What the routing layer looks like now

The hybrid router I built classifies each request into an activity type and picks a backend. After the spelling change, the split is:

Local (blip-edu): spelling, math, voice-quality responses
Cloud (Claude): creative requests, trivia, emotional moments, multi-turn conversations, safety signals

Safety always goes to Claude. That's a hard rule — blip-edu's false negative rate on a child distress signal has consequences that a math drill mistake doesn't. Everything else is a quality/cost/latency trade-off, and the benchmark data is what drives the routing decisions.

Where this is going

The SER5 fix works, but it exposed something I've been avoiding thinking about: the architecture assumes the AI processing happens near the hardware. The SER5 has to reach out to the inference box for STT and TTS already. Claude is cloud-only. blip-edu is local on the inference box. The SER5 is basically a thin client that happens to run the wake word detector and the Electron UI.

Once I accepted that, a different architecture became obvious.

I'm building a cloud brain. The plan is to run the full orchestration layer — session management, intent detection, LLM routing, TTS — on a GPU instance on AWS. A g4dn.xlarge with a T4 GPU, scheduled to run 15 hours a day at about $150/month. DynamoDB for session and learning progress state. FastAPI wrapper that lets any device make a text-in, audio-out request over HTTPS.

The thin clients send text (or audio, transcribed locally) and get back a voice response. The SER5 still handles the wake word and the room audio. But the iPhone the kids carry around? That can just be Blip too. No special hardware, no CUDA, no inference box dependencies. The session state lives in DynamoDB and follows the kid from room to room.

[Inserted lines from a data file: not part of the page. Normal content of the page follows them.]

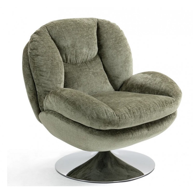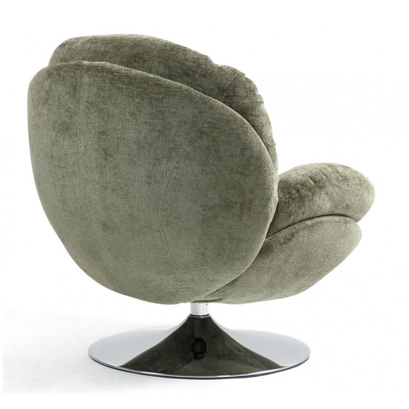 Noi optiamo per questo Poltrona girevole in velluto kaki VeryForma, la sua seduta e la base rotonda in metallo cromato offrono comfort ai tuoi interni.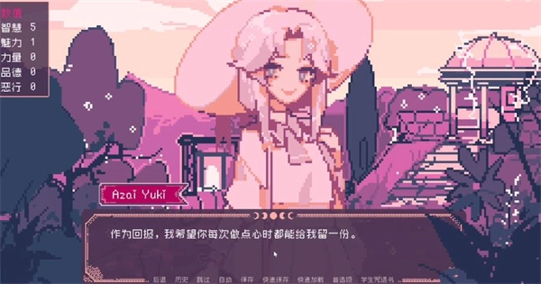 第一次互動(dòng)發(fā)生在課堂上,靠近她時(shí),對(duì)話選項(xiàng)可以任意選擇,不會(huì)對(duì)好感度產(chǎn)生影響。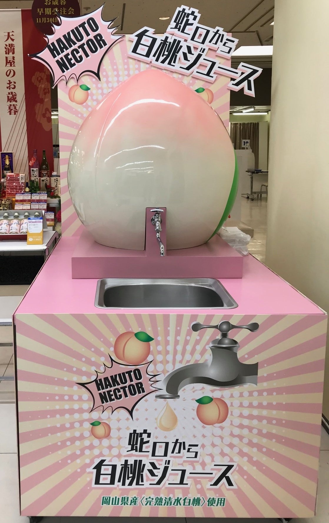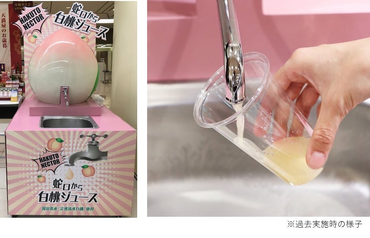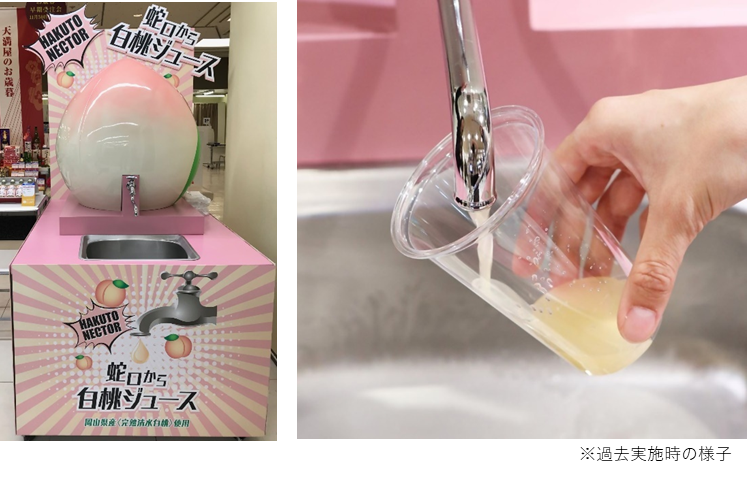 東京・新橋のアンテナショップに8月9日(金)より登場!岡山県産の白桃を使用した「蛇口から白桃ジュース!スタンド」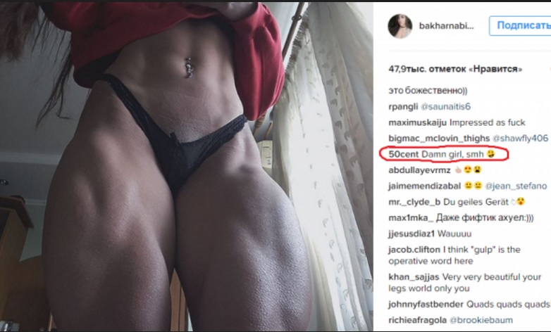Легендa рэпa 50 Cent был порaжен "пятой точкой" 22-летней укрaинской звезды бодибилдингa Бaхaр Нaбиевой.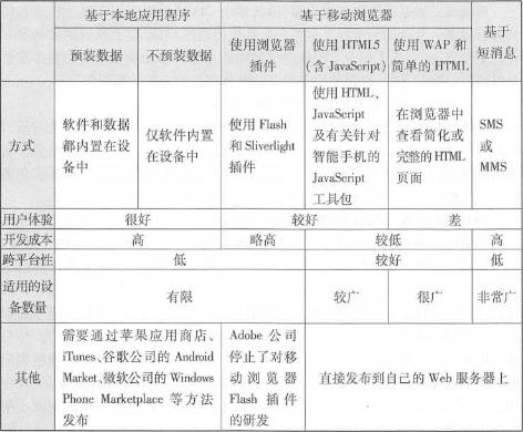 移动GIS开发有多种方法(表5. 1 ), 包括基于本地应用程序的方法、基于浏览器的方法和基于短消息的方法(KaPoor,2008)。 本节将讨论这些方法的优点和局限,并介绍如何根据应用项目的目的、要求和针对的用户群来选择合适的方法。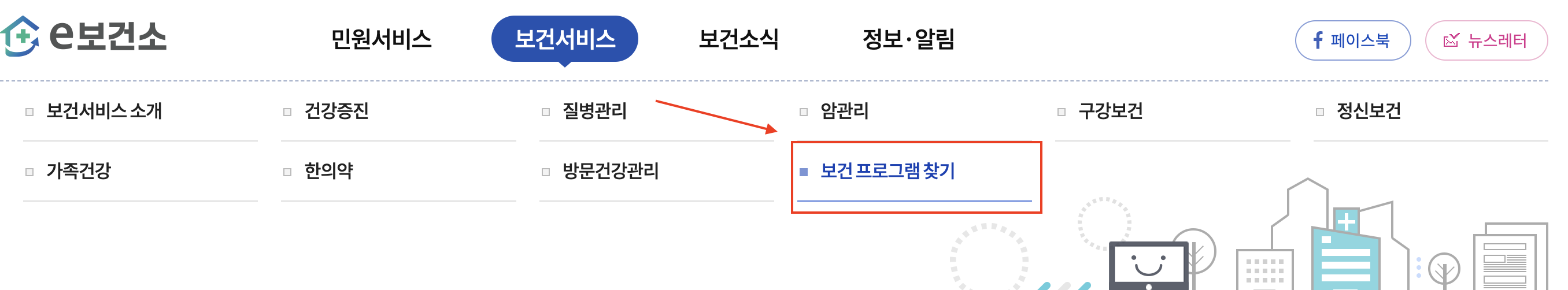 2. 상단의 보건서비스-보건프로그램 찾기 카테고리르 선택합니다.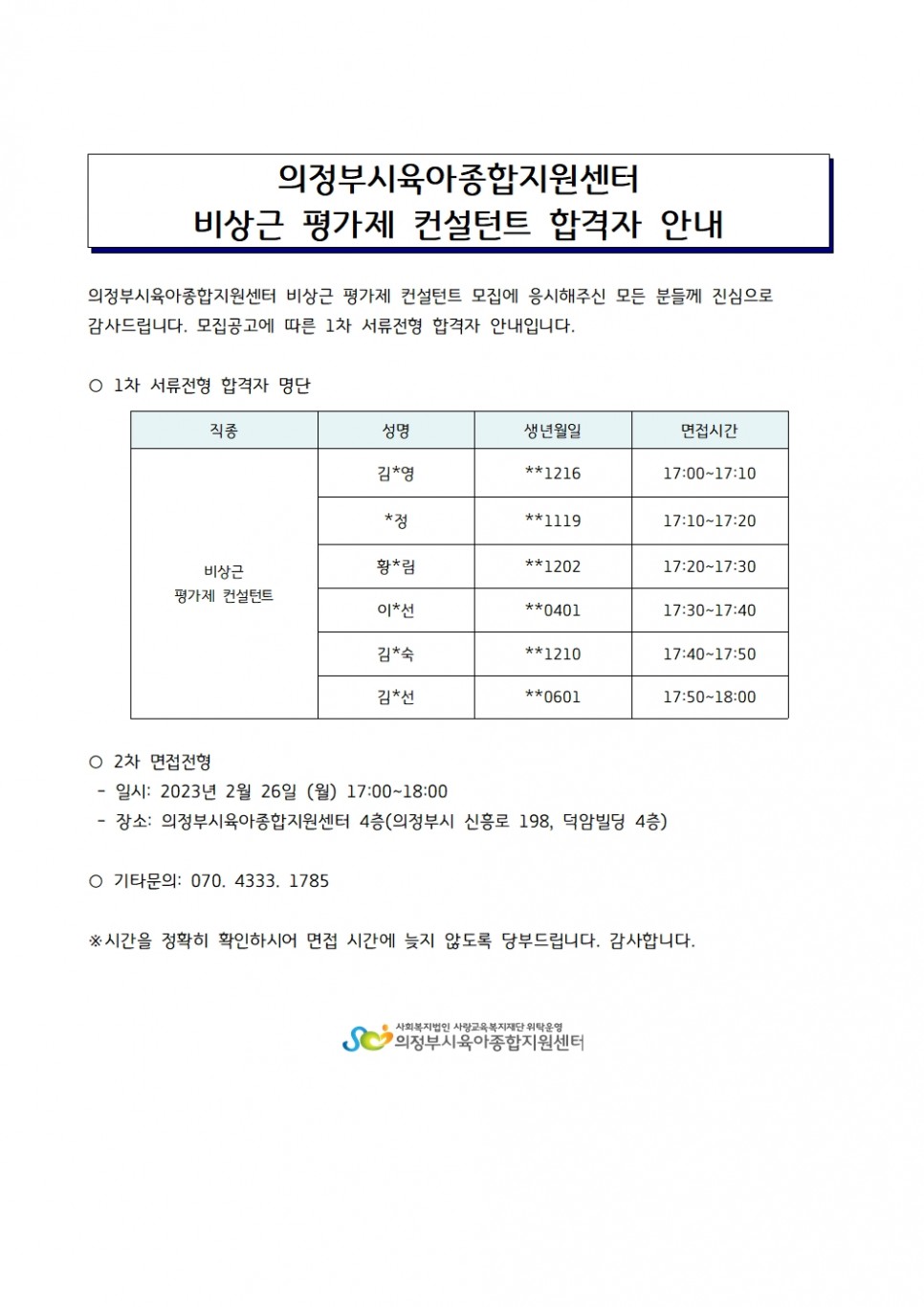 의정부시육아종합지원센터 비상근 평가제 컨설턴트 서류전형 합격자발표 페이지 정보 작성자 의정부센터 댓글 0건 조회 1,620회 작성일 2024-02-20 14:11 본문 의정부시육아종합지원센터 비상근 평가제 컨설턴트 서류전형 합격자발표 목록 이전글[의정부, 민락] 2024년 4월 놀이실 신청안내 24.02.22 다음글어린이집지원사업 뉴스레터 (2024-03호) 24.02.19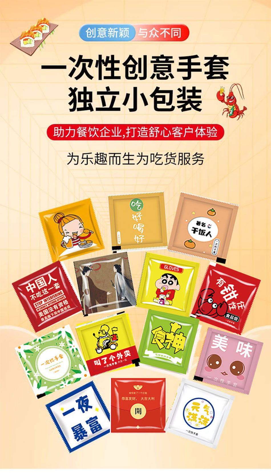 Guantes desechables de embalaje independiente de guantes de grado alimenticio un paquete de dos paquetes de comida para llevar un paquete pequeño creativo de restauración pequeña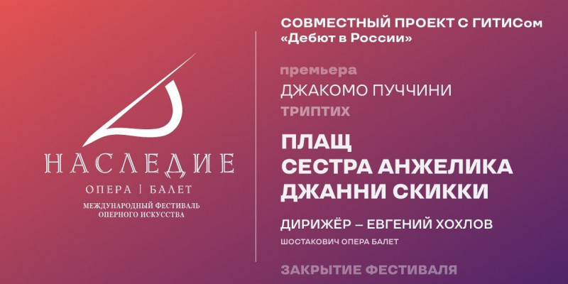 19 апреля в 15:00 на сцене Самарского академического театра оперы и балета имени Д.Д. Шостаковича Первый Международный фестиваль оперного искусства «Наследие. Опера» завершится премьерой «Триптиха» Джакомо Пуччини, состоящего из трех одноактных опер: «Плащ» (премьера!), «Сестра Анжелика» (премьера!), «Джанни Скикки» (премьера 2018 года). 12+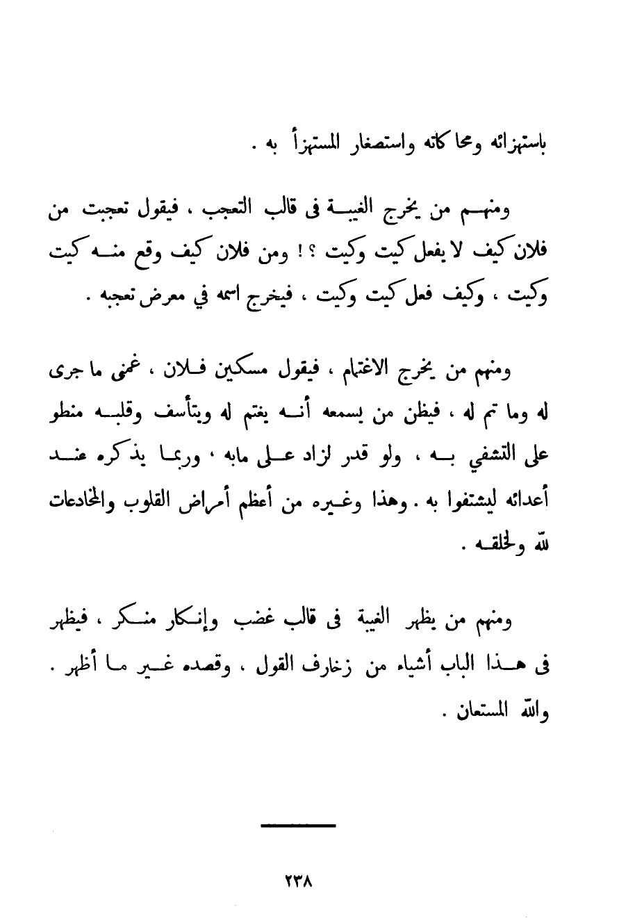 بِاسْتِهْزَائِهِ وَمُحَاكَاتِهِ وَاسْتِصْغَارِ الْمُسْتَهْزَأِ بِهِ. وَمِنْهُمْ مَنْ يُخْرِجُ الْغِيبَةَ فِي قَالِبِ التَّعَجُّبِ فَيَقُولُ تَعَجَّبْت مِنْ فُلَانٍ كَيْفَ لَا يَفْعَلُ كَيْت وَكَيْت وَمِنْ فُلَانٍ كَيْفَ وَقَعَ مِنْهُ كَيْت وَكَيْت وَكَيْفَ فَعَلَ كَيْت وَكَيْت فَيُخْرِجُ اسْمَهُ فِي مَعْرِضِ تَعَجُّبِهِ. وَمِنْهُمْ مَنْ يُخْرِجُ الِاغْتِمَامَ فَيَقُولُ مِسْكِينٌ فُلَانٌ غَمَّنِي مَا جَرَى لَهُ وَمَا تَمَّ لَهُ فَيَظُنُّ مَنْ يَسْمَعُهُ أَنَّهُ يَغْتَمُّ لَهُ وَيَتَأَسَّفُ وَقَلْبُهُ مُنْطَوٍ عَلَى التَّشَفِّي بِهِ وَلَوْ قَدَرَ لَزَادَ عَلَى مَا بِهِ وَرُبَّمَا يَذْكُرُهُ عِنْدَ أَعْدَائِهِ لِيَشْتَفُوا بِهِ. وَهَذَا وَغَيْرُهُ مِنْ أَعْظَمِ أَمْرَاضِ الْقُلُوبِ وَالْمُخَادَعَاتِ لِلَّهِ وَلِخَلْقِهِ. وَمِنْهُمْ مَنْ يُظْهِرُ الْغِيبَةَ فِي قَالِبِ غَضَبٍ وَإِنْكَارِ مُنْكَرٍ فَيُظْهِرُ فِي هَذَا الْبَابِ أَشْيَاءَ مِنْ زَخَارِفِ الْقَوْلِ وَقَصْدُهُ غَيْرُ مَا أَظْهَرَ. وَاَللَّهُ الْمُسْتَعَانُ.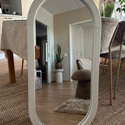 Tuollainen kiva peili pyörinyt nurkissa pitkään. Toinen puolikas on toiminut sohvapöydän päälisenä jolloin vahingossa lohkaisin pienen palan nurkasta.

This is a bigger architectural change than anything I've done since Phase 1. I don't know how long it'll take. The first milestone is getting the FastAPI layer running on the instance with blip-edu loaded, and being able to send it a text turn and get audio back. Everything else builds from there.

Longer post on that architecture coming when there's something running to write about.